4. This reasoning can be applied in this case as follows. The patented invention covered by the Patent Right relates to a composition for treating cancer, comprising a therapeutically effective amount of vascular endothelial growth factor antagonist, and thus it is an invention of a product for which the subject matter is the ingredient of a pharmaceutical product. In the case of an invention of a product for which the subject matter is an ingredient of a pharmaceutical product, the matters to be examined when issuing said two dispositions, which would directly affect the substantial identity of the relevant products as pharmaceutical products, are the ingredients, quantity, dosage, administration, effectiveness, and effect of the pharmaceutical product. In this case, comparing the Disposition and the Prior Disposition that had been issued prior to the Disposition, the dosage and administration of the Prior Pharmaceutical Product are described as "in combination with other anticancer drugs, adults are ordinarily intravenously infused with bevacizumab at a dose of 5 mg/kg (weight) or 10 mg/kg (weight) at administration intervals of at least two weeks," whereas the dosage and administration of the Pharmaceutical Product are described as "in combination with other anticancer drugs, adults are ordinarily intravenously infused with bevacizumab at a dose of 7.5 mg/kg (weight) at administration intervals of at least three weeks." The Prior Disposition did not permit the manufacturing and sale of the Pharmaceutical Product for the purpose of conducting the combination treatment of XELOX treatment and bevacizumab treatment, but the Disposition made it possible to manufacture and sell that product for this purpose for the first time.

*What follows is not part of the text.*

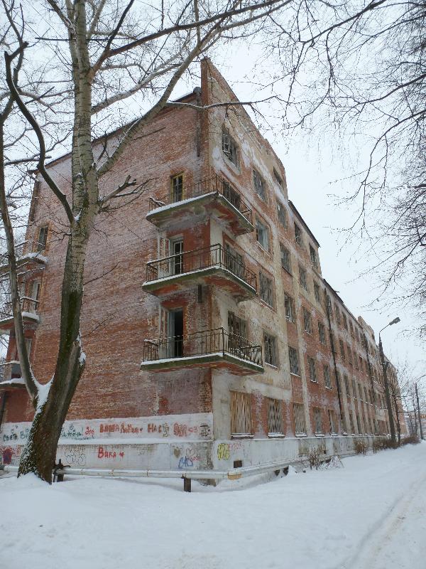 А почти напротив усадьбы Жинкина, среди деревьев, расположен памятник совсем другой эпохи - конструктивистский жилой дом РЖСКТ имени Арсения, возведенный в конце 20-х годов XX века. Возможно, по нынешим стандартам дом не вполне удобен - в первоначальном проекте квартиры предусматривались с санузлами, но без ванн. Очень хочется надеятся, что современное состояние памятника связано с предстоящей реконструкцией, а не сносом здания.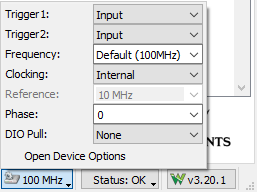 The system clock is adjustable between 50 and 125MHz. This will be the base frequency used for Oscilloscope, Wavegen, Logic Analyzer and Pattern Generator. Each instrument or channel rate will be derived from this frequency.

Given the circumstances mentioned above, in the present case, the scope of the manufacturing and sale of the pharmaceutical product subject to the prior disposition is not deemed to include the manufacturing and sale of the pharmaceutical product subject to the disposition stated as the reason for the application.

5. The court of prior instance determined the JPO Decision to be illegal because the JPO held that the Disposition was not deemed to have been necessary to obtain for the working of the patented invention to which the application for registration of extension with regard to the Patent Right pertains. According to the above, this determination by the court of prior instance can be affirmed as justifiable. The arguments by the representatives designated for final appeal cannot be accepted.

Therefore, the judgment has been rendered in the form of the main text by the unanimous consent of the Justices.